Once you find the line containing "Over the last" in the data below, copy it and each following line exactly, up to and including the line containing "The Kantha Throw", and nothing else.

Given records:
^^^^^^^^^^^^^^^^
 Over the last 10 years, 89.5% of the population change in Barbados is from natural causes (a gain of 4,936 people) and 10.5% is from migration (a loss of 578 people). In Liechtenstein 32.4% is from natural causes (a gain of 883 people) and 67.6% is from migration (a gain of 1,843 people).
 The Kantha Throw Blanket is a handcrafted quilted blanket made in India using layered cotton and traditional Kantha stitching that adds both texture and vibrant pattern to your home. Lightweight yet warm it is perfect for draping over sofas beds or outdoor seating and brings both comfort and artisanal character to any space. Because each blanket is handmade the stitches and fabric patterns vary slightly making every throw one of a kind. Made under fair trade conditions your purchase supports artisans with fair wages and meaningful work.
^^^^^^^^^^^^^^^^
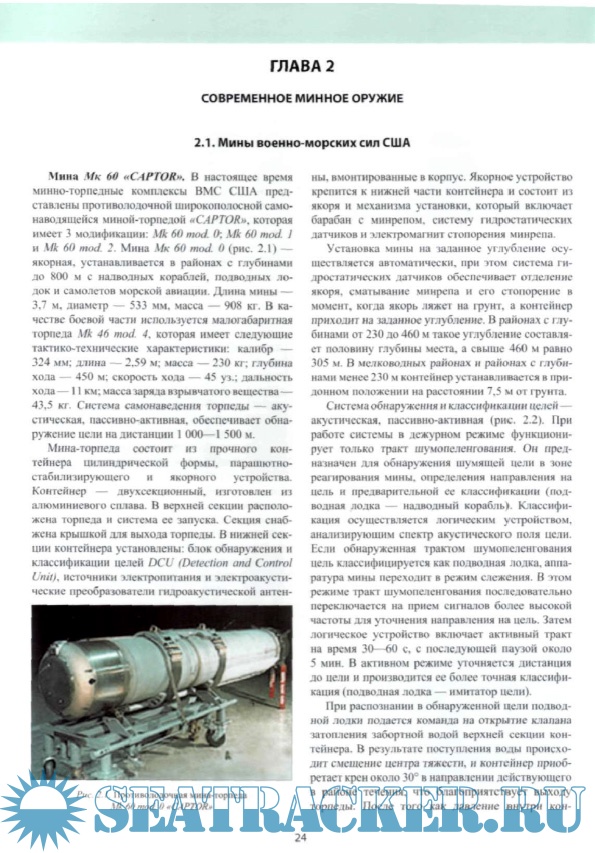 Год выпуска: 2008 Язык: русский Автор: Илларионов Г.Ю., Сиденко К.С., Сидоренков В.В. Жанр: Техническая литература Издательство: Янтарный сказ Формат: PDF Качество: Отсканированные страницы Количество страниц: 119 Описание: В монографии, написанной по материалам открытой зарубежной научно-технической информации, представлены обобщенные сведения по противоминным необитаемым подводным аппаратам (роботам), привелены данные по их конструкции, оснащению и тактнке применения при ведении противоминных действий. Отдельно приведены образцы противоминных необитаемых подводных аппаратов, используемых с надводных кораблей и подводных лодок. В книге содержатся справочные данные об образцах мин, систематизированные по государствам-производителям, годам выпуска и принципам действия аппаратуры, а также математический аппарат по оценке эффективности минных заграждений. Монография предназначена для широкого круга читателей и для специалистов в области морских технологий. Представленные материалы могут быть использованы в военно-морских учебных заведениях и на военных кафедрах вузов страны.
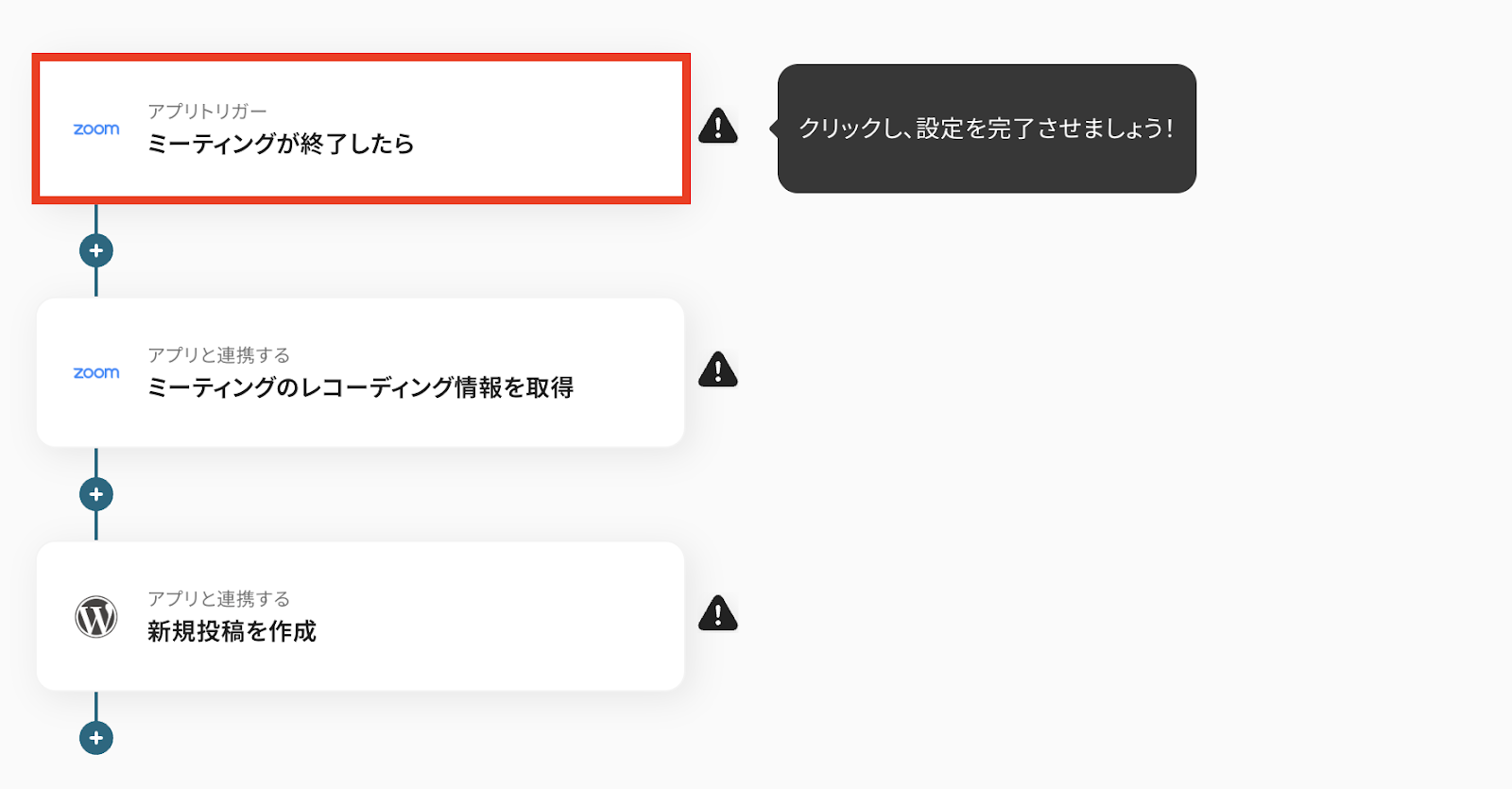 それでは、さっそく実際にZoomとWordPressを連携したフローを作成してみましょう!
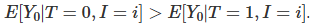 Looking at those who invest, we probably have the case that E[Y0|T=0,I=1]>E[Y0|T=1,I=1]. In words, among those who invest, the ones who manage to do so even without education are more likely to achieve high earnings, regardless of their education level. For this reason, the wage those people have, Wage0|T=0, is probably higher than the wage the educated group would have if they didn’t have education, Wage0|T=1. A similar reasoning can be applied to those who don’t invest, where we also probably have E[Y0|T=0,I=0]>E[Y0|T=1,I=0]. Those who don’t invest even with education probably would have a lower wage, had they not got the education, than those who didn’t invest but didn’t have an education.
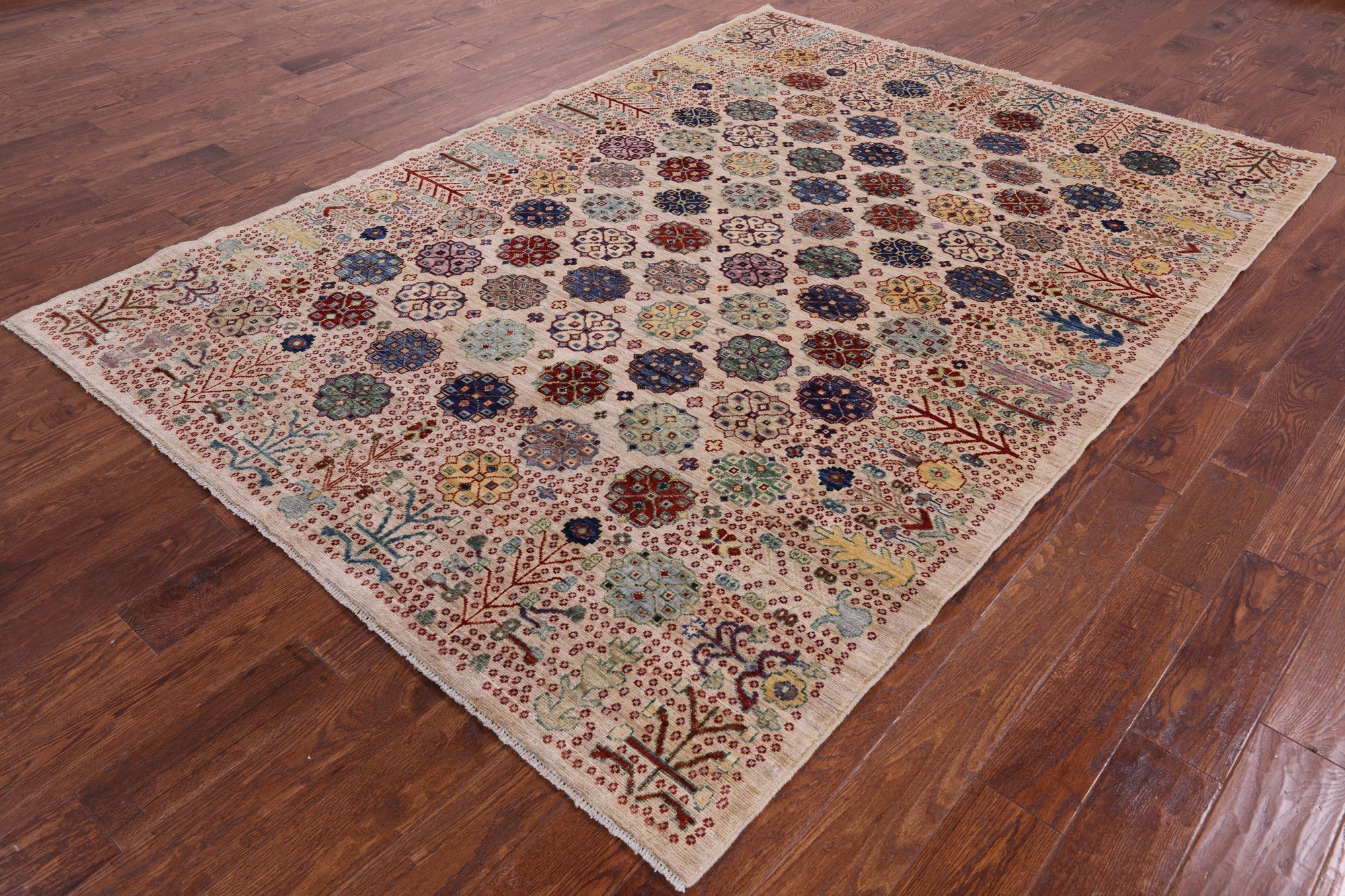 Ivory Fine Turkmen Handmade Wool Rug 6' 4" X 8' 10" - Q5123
^^^^^^^^^^^^^^^^
Written response:
 Over the last 10 years, 89.5% of the population change in Barbados is from natural causes (a gain of 4,936 people) and 10.5% is from migration (a loss of 578 people). In Liechtenstein 32.4% is from natural causes (a gain of 883 people) and 67.6% is from migration (a gain of 1,843 people).
 The Kantha Throw Blanket is a handcrafted quilted blanket made in India using layered cotton and traditional Kantha stitching that adds both texture and vibrant pattern to your home. Lightweight yet warm it is perfect for draping over sofas beds or outdoor seating and brings both comfort and artisanal character to any space. Because each blanket is handmade the stitches and fabric patterns vary slightly making every throw one of a kind. Made under fair trade conditions your purchase supports artisans with fair wages and meaningful work.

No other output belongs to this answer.